Apabila terkumpul pada manusia waktu luang dan nikmat sehat, sungguh akan datang rasa malas dalam melakukan amalan ketaatan. Itulah manusia yang telah tertipu (terperdaya).

Lebih lanjut Ibnu al-Jauziyah mengatakan, Intinya, dunia adalah ladang beramal untuk menuai hasil di akhirat kelak. Dunia adalah tempat kita menjajakan barang dagangan, sedangkan keuntungannya akan diraih di akhirat nanti. 

Barangsiapa yang memanfaatkan waktu luang dan nikmat sehat dalam rangka melakukan ketaatan, maka dialah yang akan berbahagia. Sebaliknya, barangsiapa memanfaatkan keduanya dalam maksiat, dialah yang betul-betul tertipu.

Sesudah waktu luang akan datang waktu yang penuh kesibukan. Begitu pula sesudah sehat akan datang kondisi sakit yang tidak menyenangkan.

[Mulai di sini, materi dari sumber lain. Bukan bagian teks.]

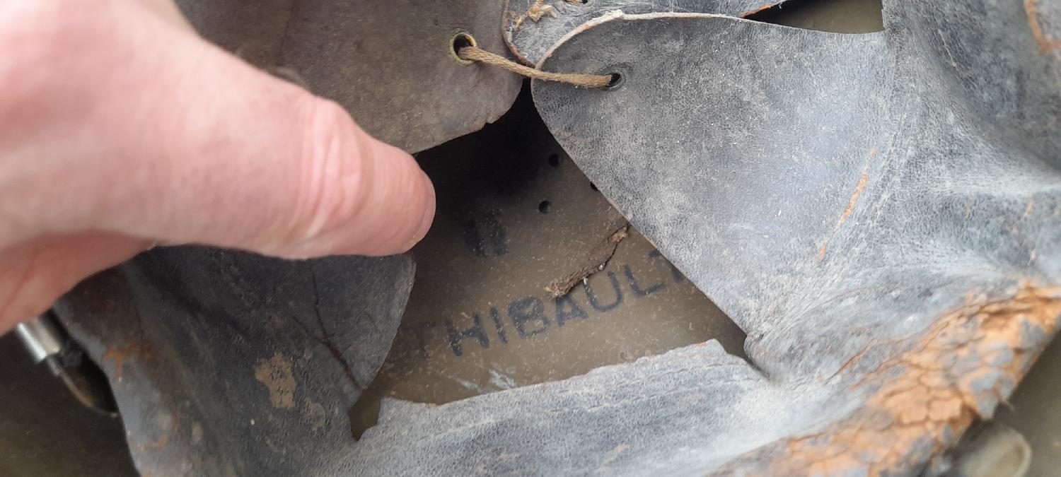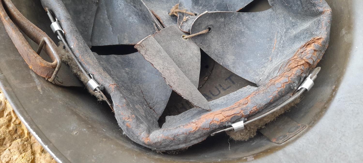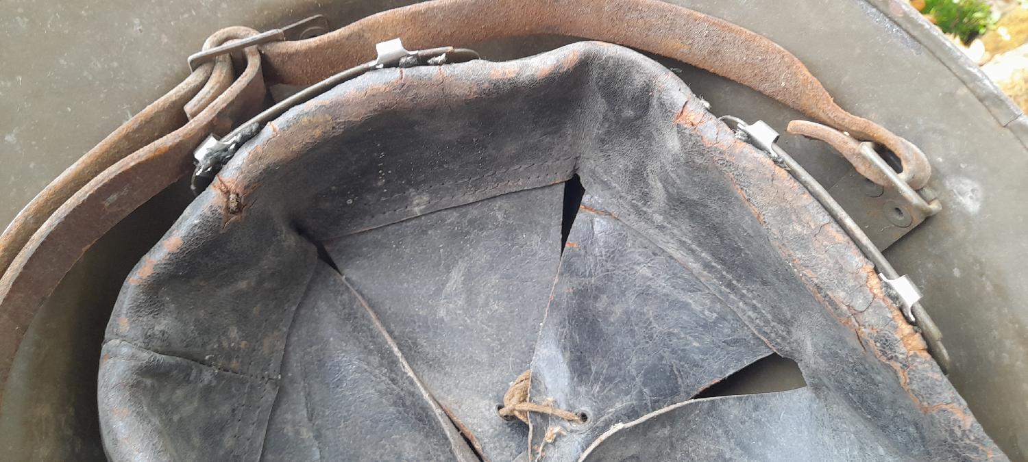Casque dans son état de decouverte, cuir un peu sec et poussiereux.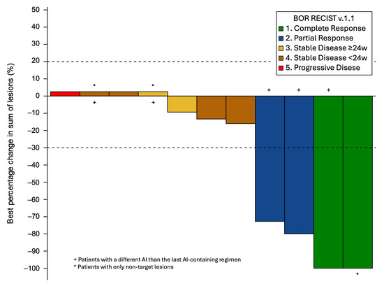 Waterfall plot of the best change from baseline in tumor lesions according to the best objective response. Abbreviations: AI: aromatase inhibitor; w: weeks.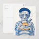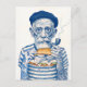 Illustration of an elderly sailor in a striped shirt smoking a pipe while holding a sandwich. Tattoos are visible on his arms, and maritime elements surround the character.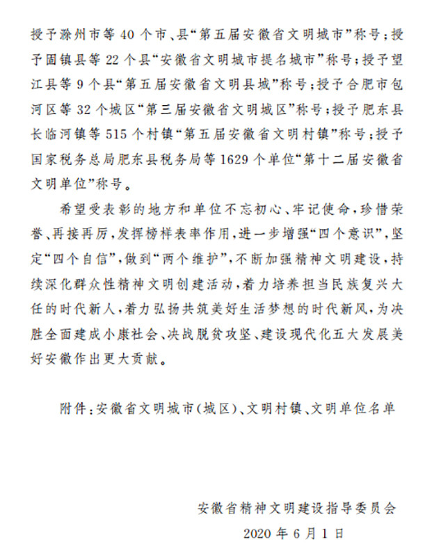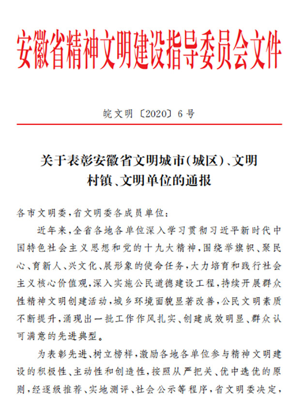 近日,根据安徽省精神文明建设指导委员会公布的《关于表彰安徽省文明城市(城区)、文明村镇、文明单位的通报》(皖文明[2020]6号),beat365被授予第十二届“安徽省文明单位”荣誉称号。这也是beat365相继获得第十届、第十一届“安徽省文明单位”称号后再次获此殊荣。

Ibnu Baththol mengatakan, tidaklah dikatakan seseorang memiliki waktu luang hingga badannya juga sehat. Hal ini menunjukkan, bahwa apabila seseorang memiliki “kesempatan atau peluang”, hendaklah ia bersemangat untuk melaksanakan ketaatan kepada Allah SWT. Jangan sampai ia tertipu dengan meninggalkan syukur pada Allah atas nikmat yang diberikan.

Tanda seseorang bersyukur adalah dengan melaksanakan setiap perintah dan menjauhi setiap larangan Allah. Barangsiapa yang luput dari cara syukur semacam ini, maka dialah yang tertipu dan mendapatkan azab yang sangat pedih. Wana ‘uzhubillah minzalik.